1. Find out the given and wanted elements (lengths, angles, ...)
   and choose descriptive names for them

You asked for inscribing circles into an equilateral triangle, so all
of its angles are 60 degrees. The length of its sides is given; this
length got the name 'Side'. Obviously the triangle is to be erected
over a horizontal line, so it has a top corner ('Corner1'), a bottom
left corner ('Corner2') and a bottom right corner ('Corner3').
Because the problem has an infinite number of solutions, I decided
to use the radius 'Radius' of the circles as independent variable
and to calculate their midpoints 'Center1', ... , 'Center3'.

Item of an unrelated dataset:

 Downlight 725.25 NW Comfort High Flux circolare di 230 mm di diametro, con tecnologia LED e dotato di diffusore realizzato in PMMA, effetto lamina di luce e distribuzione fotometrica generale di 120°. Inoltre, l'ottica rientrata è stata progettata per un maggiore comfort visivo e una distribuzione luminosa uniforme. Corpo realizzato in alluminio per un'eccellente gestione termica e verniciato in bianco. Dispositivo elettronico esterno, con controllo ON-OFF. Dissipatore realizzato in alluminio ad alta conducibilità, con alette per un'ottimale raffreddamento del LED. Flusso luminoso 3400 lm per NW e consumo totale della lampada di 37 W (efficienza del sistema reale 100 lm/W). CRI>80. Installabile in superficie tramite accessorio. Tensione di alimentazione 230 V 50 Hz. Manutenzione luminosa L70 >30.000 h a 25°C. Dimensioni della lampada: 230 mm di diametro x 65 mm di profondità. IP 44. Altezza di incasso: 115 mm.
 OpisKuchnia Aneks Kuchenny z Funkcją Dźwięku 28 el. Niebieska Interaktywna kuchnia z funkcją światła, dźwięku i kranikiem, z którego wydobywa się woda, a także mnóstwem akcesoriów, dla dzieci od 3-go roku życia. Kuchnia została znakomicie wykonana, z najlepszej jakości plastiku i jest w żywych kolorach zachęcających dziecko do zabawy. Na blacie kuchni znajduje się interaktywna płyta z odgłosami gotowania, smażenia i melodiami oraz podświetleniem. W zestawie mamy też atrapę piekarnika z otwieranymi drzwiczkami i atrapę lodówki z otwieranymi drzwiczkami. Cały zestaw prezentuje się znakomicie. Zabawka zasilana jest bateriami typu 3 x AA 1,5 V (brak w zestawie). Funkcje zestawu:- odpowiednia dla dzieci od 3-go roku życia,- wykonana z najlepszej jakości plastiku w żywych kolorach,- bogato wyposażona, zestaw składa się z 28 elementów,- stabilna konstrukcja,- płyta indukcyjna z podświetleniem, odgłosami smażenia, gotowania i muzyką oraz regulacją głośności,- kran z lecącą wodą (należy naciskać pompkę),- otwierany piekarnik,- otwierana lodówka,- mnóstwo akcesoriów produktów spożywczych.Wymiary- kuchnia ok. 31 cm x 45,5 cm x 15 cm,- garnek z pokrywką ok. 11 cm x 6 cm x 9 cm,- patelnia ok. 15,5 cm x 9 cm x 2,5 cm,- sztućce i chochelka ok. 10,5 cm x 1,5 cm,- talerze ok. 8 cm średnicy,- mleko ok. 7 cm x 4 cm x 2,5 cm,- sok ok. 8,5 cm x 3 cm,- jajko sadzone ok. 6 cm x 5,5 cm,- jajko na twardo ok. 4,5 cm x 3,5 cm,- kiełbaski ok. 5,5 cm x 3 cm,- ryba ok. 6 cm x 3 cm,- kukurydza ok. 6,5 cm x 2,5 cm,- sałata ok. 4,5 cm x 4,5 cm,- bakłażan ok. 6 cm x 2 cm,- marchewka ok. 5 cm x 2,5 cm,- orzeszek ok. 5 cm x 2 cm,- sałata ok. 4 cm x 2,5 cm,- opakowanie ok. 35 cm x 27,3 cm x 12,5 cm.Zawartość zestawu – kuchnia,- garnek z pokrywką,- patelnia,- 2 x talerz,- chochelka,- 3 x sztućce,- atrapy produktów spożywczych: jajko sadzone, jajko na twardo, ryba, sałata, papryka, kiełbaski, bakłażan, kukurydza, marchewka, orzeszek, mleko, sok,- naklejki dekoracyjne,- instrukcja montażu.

2. Choose a coordinate system

Usually the math is easier when many coordinates are 0 or 1: multiplying
by 1 is trivial, by 0 even more; adding of 0 is trivial; squaring 0 or 1
is the same as doing nothing; and so on.
If there is a mirror symmetry with respect to a line/point, then very often
(but not always) this line/point is well suited as coordinate axis/origin.
Sometimes it is easier to solve a standard problem and then transform
it to the required proportions; for example (in POV style): instead
of sphere{C,R ... } use sphere{0,1 ... scale R translate C}.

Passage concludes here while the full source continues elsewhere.